We need positive input, as sour grapes produce nothing.
There’s NOBODY, on or off the current slate that meets ALL of my criteria.
It’s important to determine the best we can do under the circumstances and taking our collective ball home is NOT the “BEST” we can do!
Yes, Jordan has plenty of room to take its Jordian-Palestinians but they don’t want a bunch of terrorists who with Obama’s help have been overthrowing any regime that is not radical Muslim. Jordan may be next to be overthrown and they don’t want that any more than the Saudis want to be overthrown. Who does? Ah, but Israel is fair game? Unfair. But who’s going to cry foul? Individuals. Because no country stands by her anymore.

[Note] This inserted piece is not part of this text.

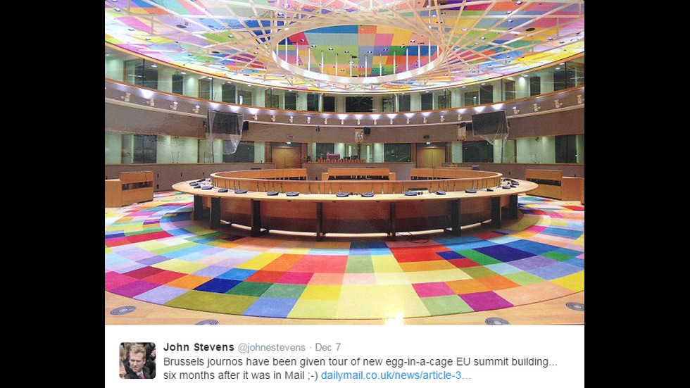 ГАЛЕРИИ "Космическото яйце" - новото място за заседания на Съвета на ЕС Снимки: ЕПА/БГНЕС, Twitter 2 / 14 "Космическото яйце" - новото място за заседания на Съвета на ЕС 08 декември 2016 18:03 Снимки: ЕПА/БГНЕС, Twitter Tweet Още галерии България се прощава с великия Михаил Белчев Велики четвъртък е: Днес се боядисват великденски яйца и се месят козунаци Илияна Йотова награди медийната платформа „24 часа“ Осми лайв на "Като две капки вода" - Сезона-Слънце България се сбогува с легендарния Борислав Михайлов Морето изхвърли крило на боен дрон на плаж в Бургаско Най-популярните България се прощава с великия Михаил Белчев Илияна Йотова награди медийната платформа „24 часа“ Осми лайв на "Като две капки вода" - Сезона-Слънце Велики четвъртък е: Днес се боядисват великденски яйца и се месят козунаци

Yes, regardless of what anyone thinks of Newt, he did the right thing and boldly said it for the world to pick apart. Unfortunately he appears to be a bit shakey on his words and appears to want to backtrack a bit. Glad Michele Bachmann is staunchly pro-Israel and in agreement with Newt that the Palestinians are a fabricated people with no more right to Israel than Rush Limbaugh has to Russia just because the first syllable of Russia is Rush!
Yup, but you and I both know that "I'm holding out for the perfect conservative" or "I'll write in Ron Paul/Rick Perry/Richard Nixon, etc." or "I can't stand the terrible RINO ____" will be exactly the same as pulling the lever for Obie.
Don't give me that "I'm standing for principals" garbage - four more years of that Leftist twerp will all but guarantee the complete destruction of all that we stand for. Quit wasting our time.
He is a History Prof.
And the answer is NO!!!!!!!!!
"The Palestinian people does not exist. The creation of a Palestinian state is only a means for continuing our struggle against the state of Israel for our Arab unity. In reality today there is no difference between Jordanians, Palestinians, Syrians and Lebanese. Only for political and tactical reasons do we speak today about the existence of a Palestinian people, since Arab national interests demand that we posit the existence of a distinct 'Palestinian people' to oppose Zionism.
"For tactical reasons, Jordan, which is a sovereign state with defined borders, cannot raise claims to Haifa and Jaffa. While as a Palestinian, I can undoubtedly demand Haifa, Jaffa, Beer-Sheva and Jerusalem. However, the moment we reclaim our right to all of Palestine, we will not wait even a minute to unite Palestine and Jordan."
(PLO executive committee member Zahir Muhsein, in a 1977 interview with the Dutch newspaper Trouw.)
To underscore that, Arafat, the so-called Palestinian leader, was an Egyptian.